The assets and liabilities related to operating leases significantly decreased to MXN 452 million, reflecting the cleanup of the Retail segment's lease portfolios. Our financial position remained sound with a net debt to EBITDA ratio of 1.2 x. With that, I will now turn the call over to Gerardo to discuss further on the outlook for the remainder of the year.
Thank you, Andrea. We believe that the third quarter marks the bottom of the consumption environment, and we expect a gradual recovery going forward, despite the softness of the overall economy, to end the year on a higher note held by economists. I would like to update you on the implementation of our new program. As you may be aware, we transitioned a subsidiary in June, which carried 80% of the overall profits of the Group. It was a huge success. Now we have the confidence to prepare the rollout to go live in April of next year.
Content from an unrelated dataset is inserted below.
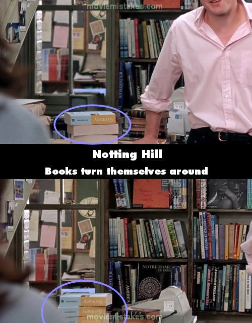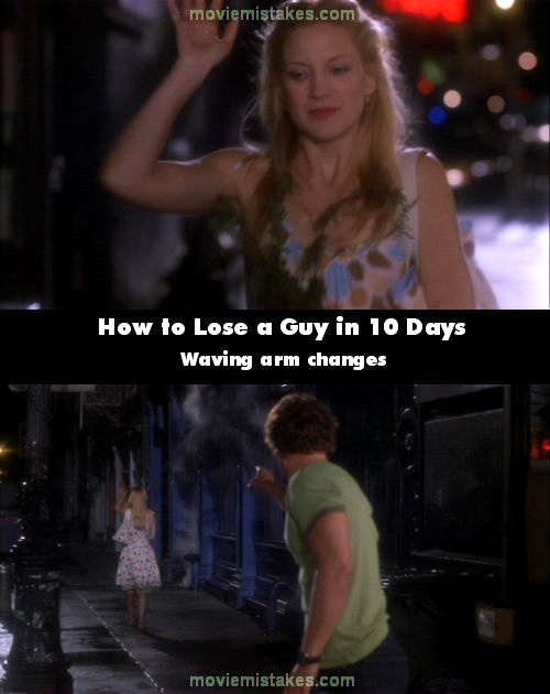 | Trong cảnh Ben đuổi theo Andie của How to lose a guy in 10 days, ở góc quay từ phía trước, Andie (Kate Hudson) giơ tay phải lên vẫy chào, nhưng ở góc quay sau lưng, khán giả lại thấy cánh tay giơ lên là tay trái. |

This, obviously, will require significant working capital for the next quarters. Talking about the closing of the year, I'm going to refer to our guidance and the pro forma figures. That is, excluding Grupo Nutrisa for the fourth quarter.
So in all our lines, net sales, operating income, and EBITDA, we are hitting the target discussed in the start of the year. We have seen a performance in MegaMex better than expected, and we are confident that that's going to continue going forward. In terms of our CapEx, even though the figures are lower in the third quarter, we are expecting to complete our guidance near between MXN 1,500 billion and MXN 2 billion. That will conclude my prepared remarks, and we're open for your questions. Rocco?
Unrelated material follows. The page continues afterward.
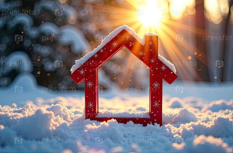 Уютный каркас крошечный дом на снегу и заснеженном фоне в солнечных лучах, с рождественским декором. недвижимость, риэлторская деятельность, ипотека, страхование, бронирование, зимовка, изоляция, отопление. ИИ генерируется
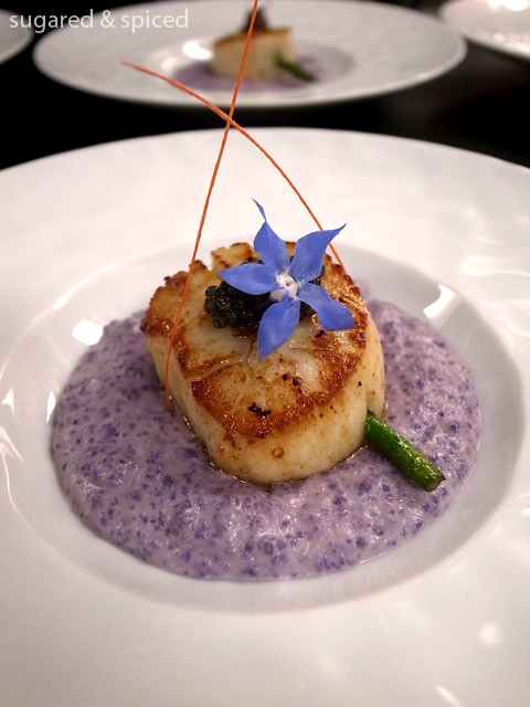 The combination of seared scallops and caviar is undoubtedly an attraction in itself, but what made this dish sparkle was the cauliflower shavings in almond and mascarpone sauce. It was at once creamy and crunchy, and the elegant purple color! I couldn’t get over that purple color.

Yes, sir. Thank you. If you would like to ask a question, please press star then one on your telephone keypad. If at any time your question has been addressed and you'd like to remove yourself from the queue, please press star then two. Once again, ladies and gentlemen, that's star then one if you have a question. And once more, if you have a question, please press star then one at this time. We'll pause for just a moment to assemble our roster. And that concludes our question and answer session. I'd like to turn the conference back over to the management team for any closing remarks.
Thank you for participating in our earnings call. If you have any questions, don't hesitate to contact our team, and have a good day. Thank you, Rocco.
Yes, sir. Thank you. And we thank you all for attending today's presentation. You may now disconnect your lines. Have a wonderful day.